## Data section
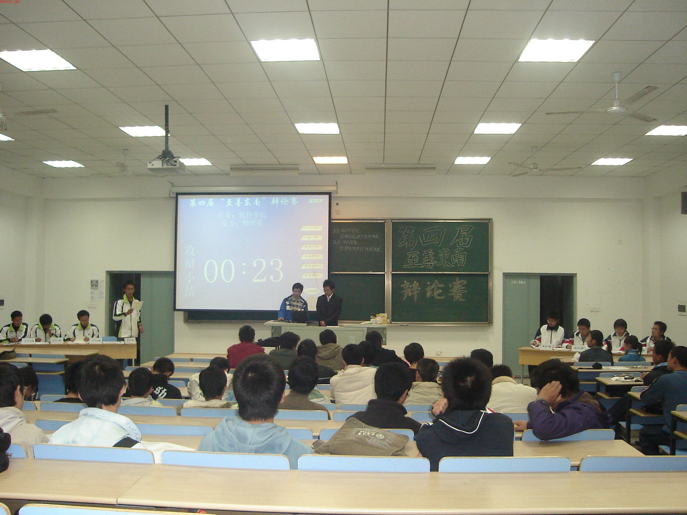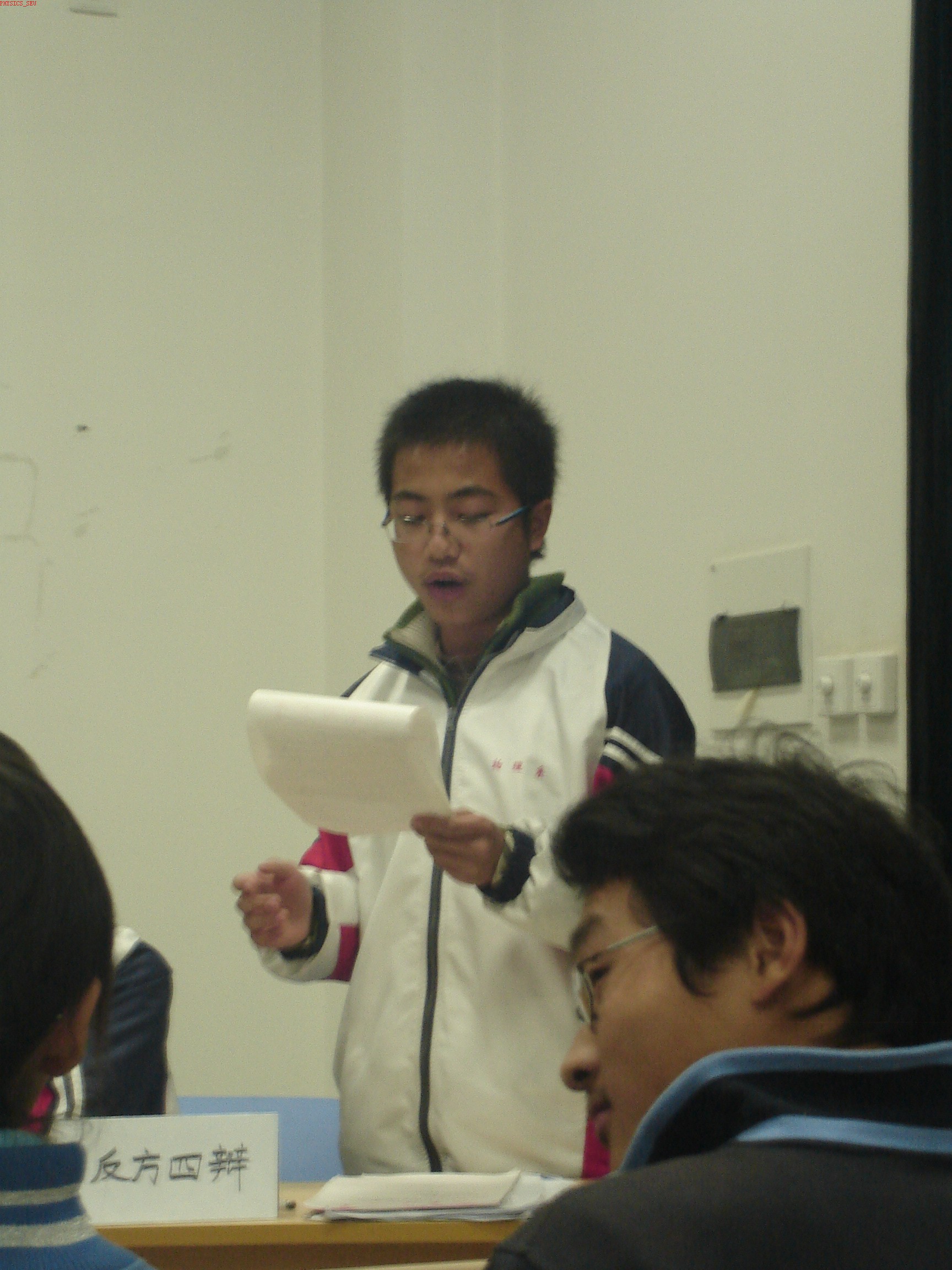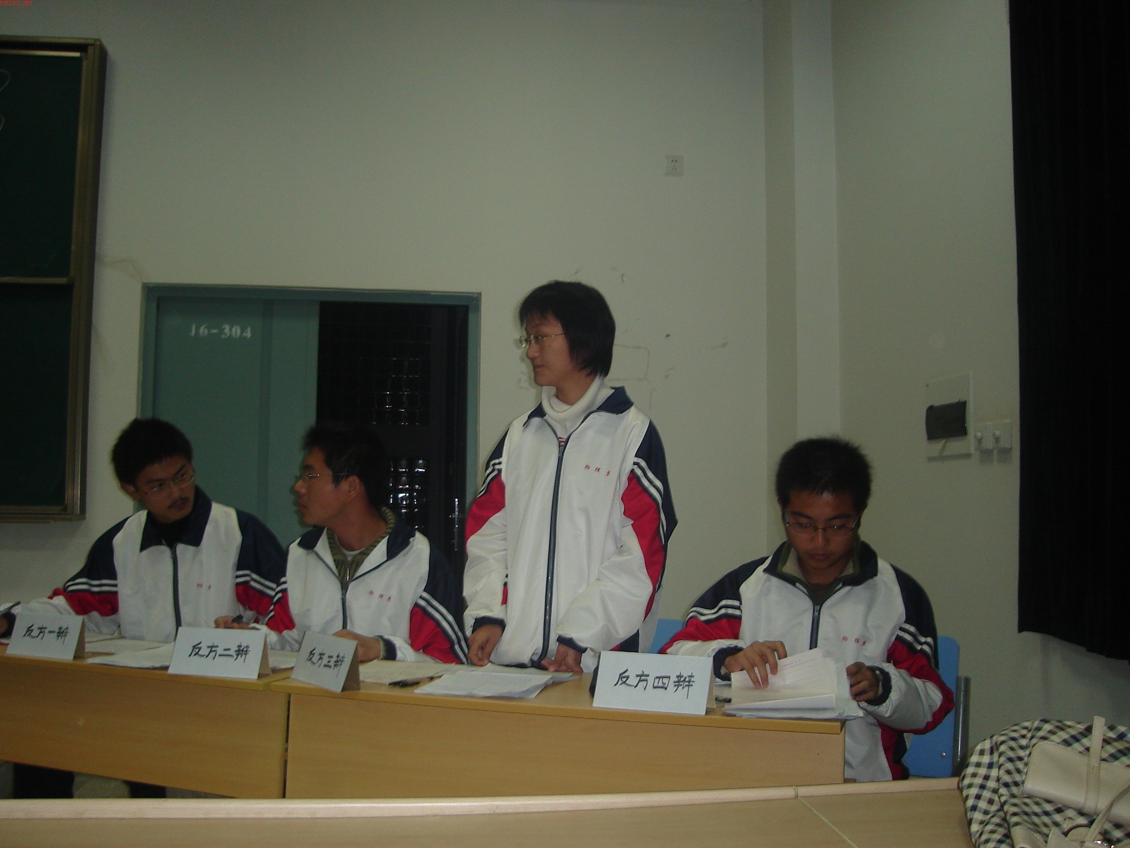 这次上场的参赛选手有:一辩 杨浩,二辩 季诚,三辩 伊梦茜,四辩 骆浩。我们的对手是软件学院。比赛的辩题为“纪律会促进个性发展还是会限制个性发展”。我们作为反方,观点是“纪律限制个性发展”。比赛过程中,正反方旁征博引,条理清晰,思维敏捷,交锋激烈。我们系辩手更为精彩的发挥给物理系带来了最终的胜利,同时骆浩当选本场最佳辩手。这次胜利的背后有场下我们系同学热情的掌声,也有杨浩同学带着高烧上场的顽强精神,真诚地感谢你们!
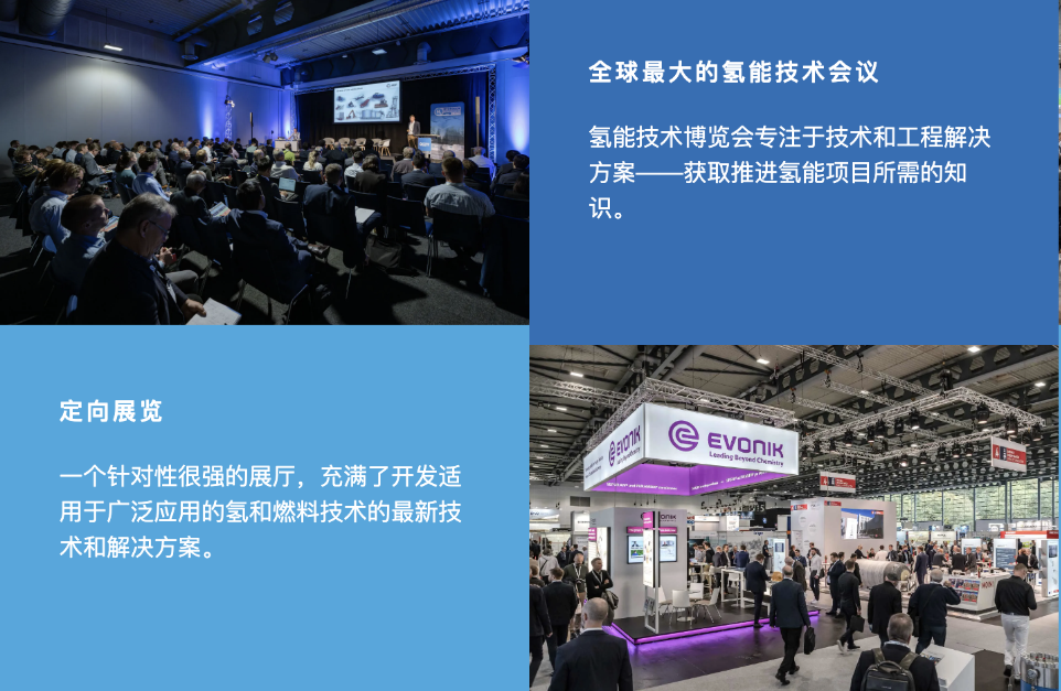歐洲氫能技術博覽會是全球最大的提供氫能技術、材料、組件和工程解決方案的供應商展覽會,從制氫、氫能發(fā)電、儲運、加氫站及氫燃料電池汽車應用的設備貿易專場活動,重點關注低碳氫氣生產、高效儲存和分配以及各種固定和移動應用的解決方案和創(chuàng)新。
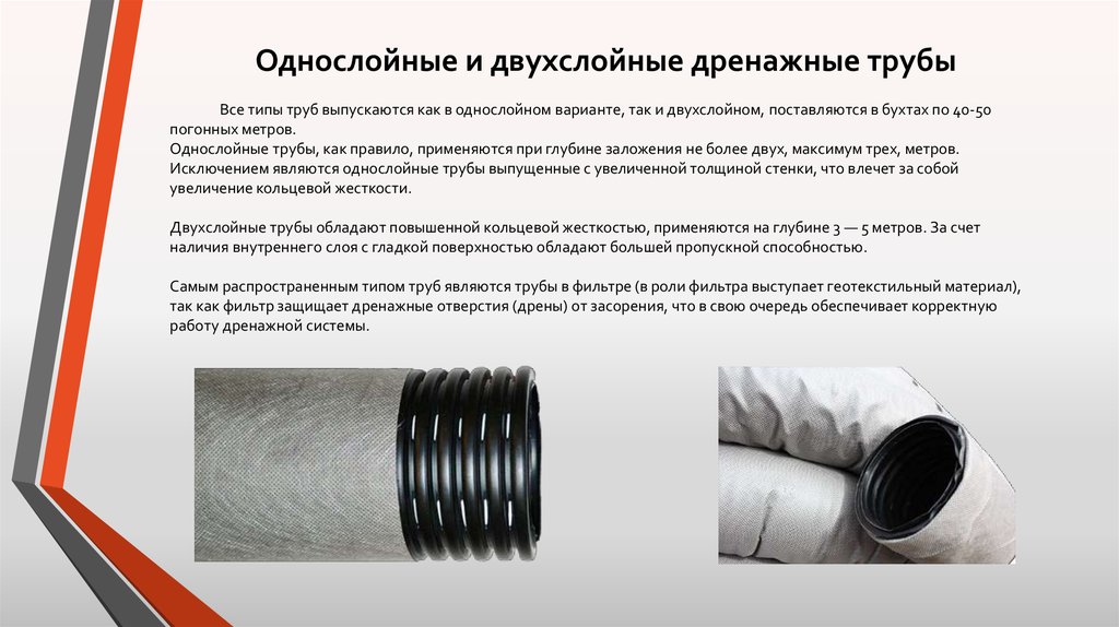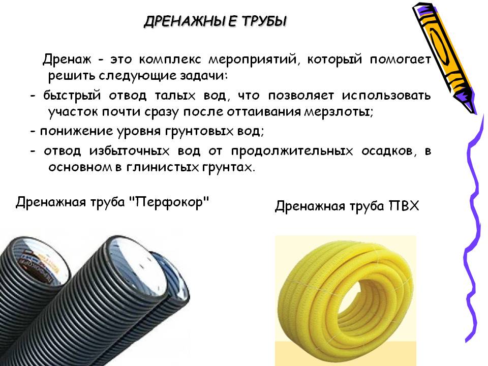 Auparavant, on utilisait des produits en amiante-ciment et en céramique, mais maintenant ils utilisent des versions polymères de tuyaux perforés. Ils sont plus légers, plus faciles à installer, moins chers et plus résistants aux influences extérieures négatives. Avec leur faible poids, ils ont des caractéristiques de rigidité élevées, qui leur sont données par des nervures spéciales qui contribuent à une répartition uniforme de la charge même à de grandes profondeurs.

## Task item
The listing above is to be written out again exactly, with its pictures omitted.

## Finished task
 这次上场的参赛选手有:一辩 杨浩,二辩 季诚,三辩 伊梦茜,四辩 骆浩。我们的对手是软件学院。比赛的辩题为“纪律会促进个性发展还是会限制个性发展”。我们作为反方,观点是“纪律限制个性发展”。比赛过程中,正反方旁征博引,条理清晰,思维敏捷,交锋激烈。我们系辩手更为精彩的发挥给物理系带来了最终的胜利,同时骆浩当选本场最佳辩手。这次胜利的背后有场下我们系同学热情的掌声,也有杨浩同学带着高烧上场的顽强精神,真诚地感谢你们!
歐洲氫能技術博覽會是全球最大的提供氫能技術、材料、組件和工程解決方案的供應商展覽會,從制氫、氫能發(fā)電、儲運、加氫站及氫燃料電池汽車應用的設備貿易專場活動,重點關注低碳氫氣生產、高效儲存和分配以及各種固定和移動應用的解決方案和創(chuàng)新。
 Auparavant, on utilisait des produits en amiante-ciment et en céramique, mais maintenant ils utilisent des versions polymères de tuyaux perforés. Ils sont plus légers, plus faciles à installer, moins chers et plus résistants aux influences extérieures négatives. Avec leur faible poids, ils ont des caractéristiques de rigidité élevées, qui leur sont données par des nervures spéciales qui contribuent à une répartition uniforme de la charge même à de grandes profondeurs.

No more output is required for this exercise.